(Data provided)

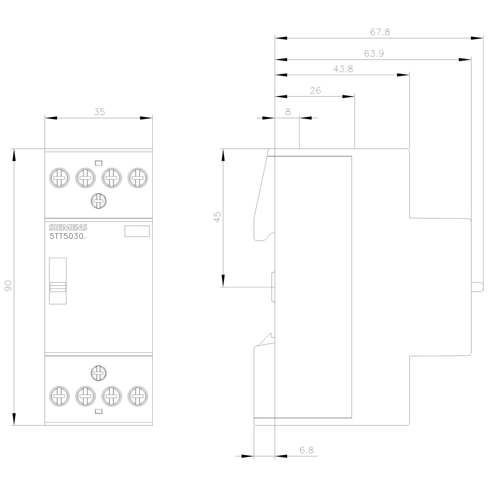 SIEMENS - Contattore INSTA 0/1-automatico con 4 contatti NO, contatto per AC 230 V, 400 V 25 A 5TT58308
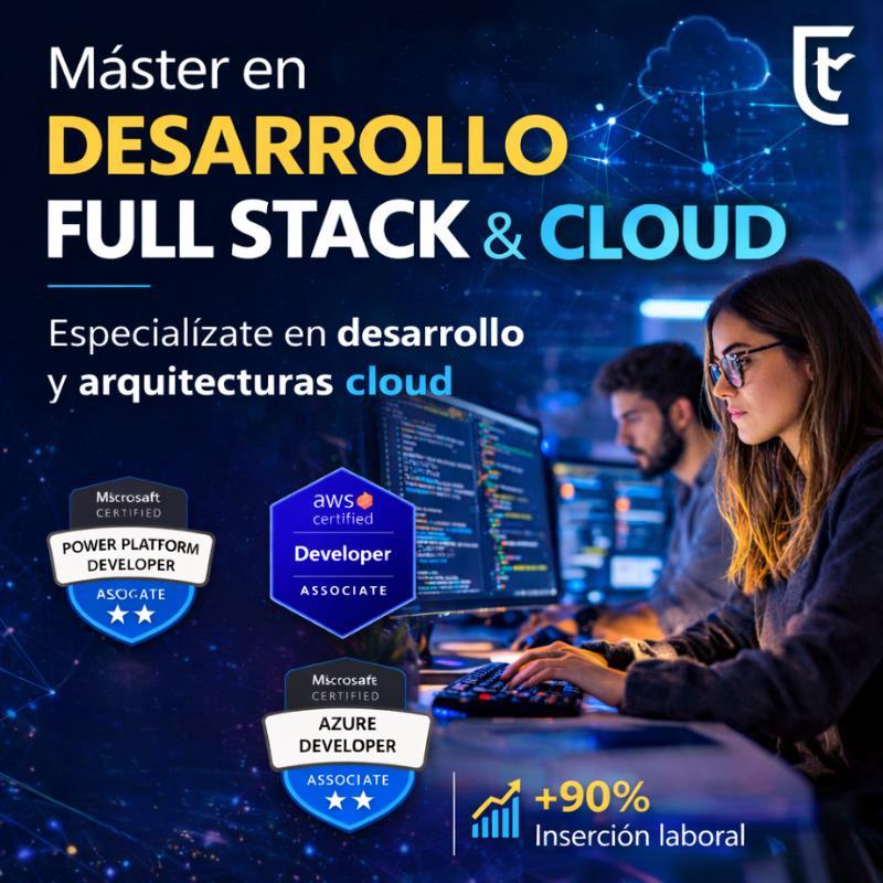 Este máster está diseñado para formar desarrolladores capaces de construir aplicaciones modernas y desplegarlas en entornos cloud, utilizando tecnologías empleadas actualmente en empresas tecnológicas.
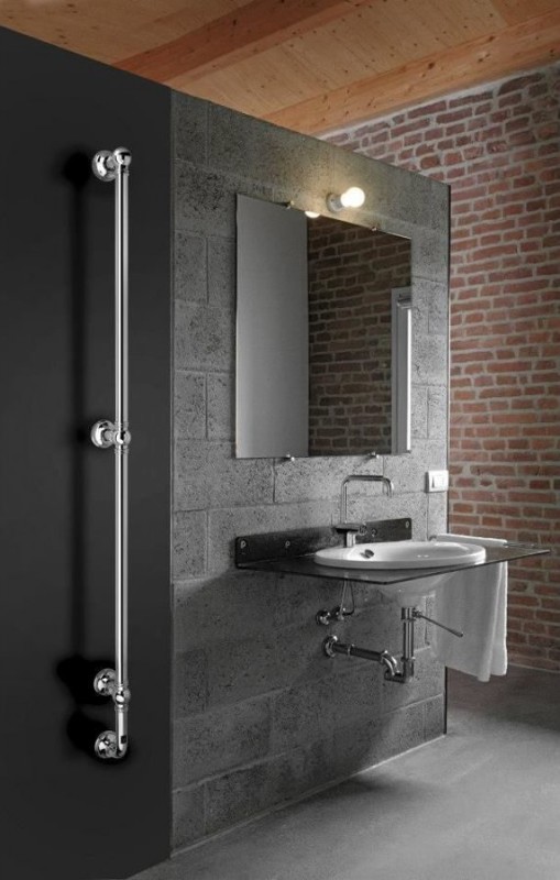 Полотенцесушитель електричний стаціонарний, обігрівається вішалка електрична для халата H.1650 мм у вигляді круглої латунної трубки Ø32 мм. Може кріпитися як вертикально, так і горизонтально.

(End Data provided)
(Data provided)

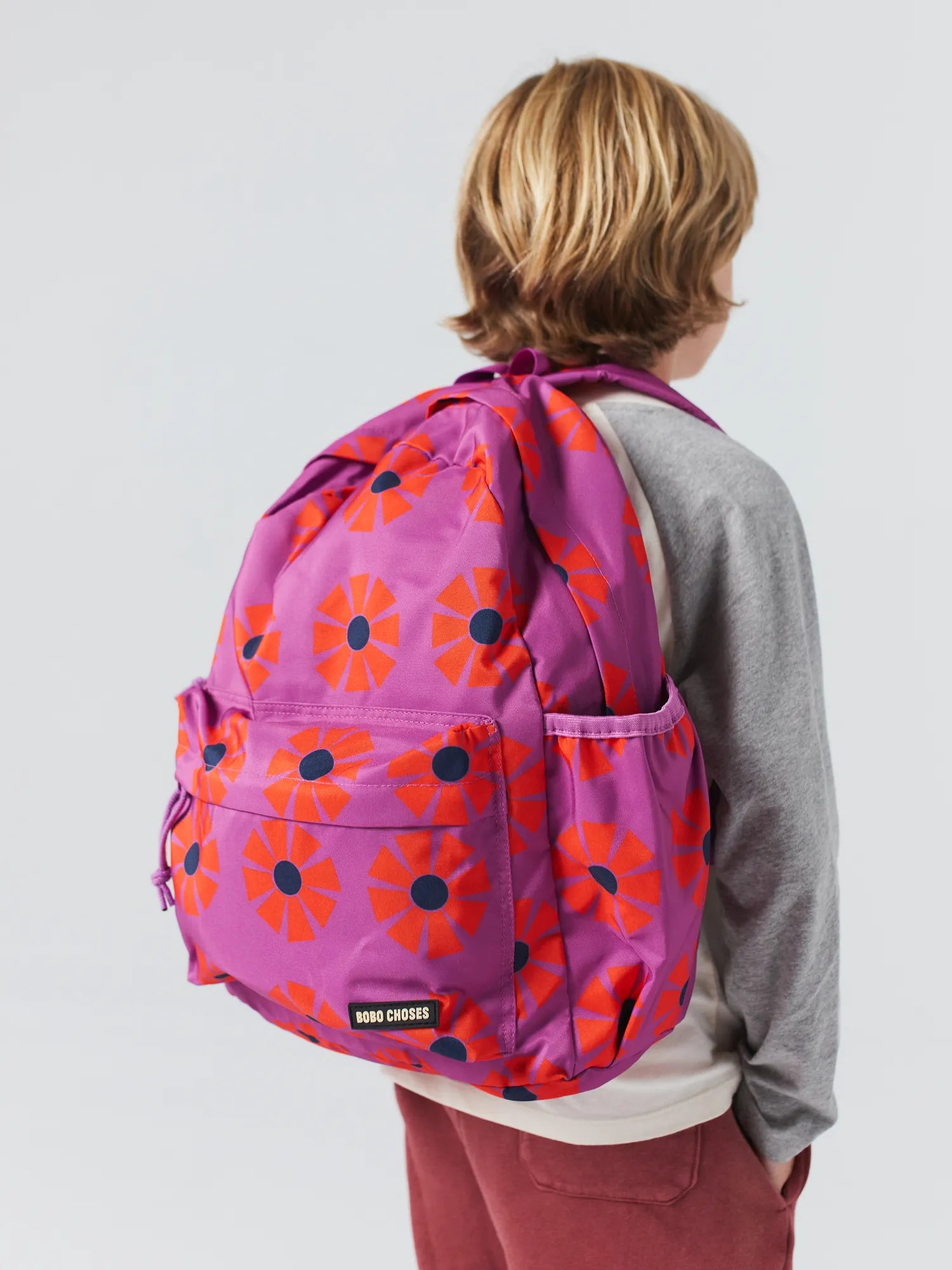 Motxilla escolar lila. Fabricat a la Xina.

(End Data provided)

Problem statement |
Word for word, repeat the lines above from the one with "SIEMENS - Contattore" through the one with "Este máster está", and nothing beyond them. Omit the pictures.

Result of this task |
 SIEMENS - Contattore INSTA 0/1-automatico con 4 contatti NO, contatto per AC 230 V, 400 V 25 A 5TT58308
 Este máster está diseñado para formar desarrolladores capaces de construir aplicaciones modernas y desplegarlas en entornos cloud, utilizando tecnologías empleadas actualmente en empresas tecnológicas.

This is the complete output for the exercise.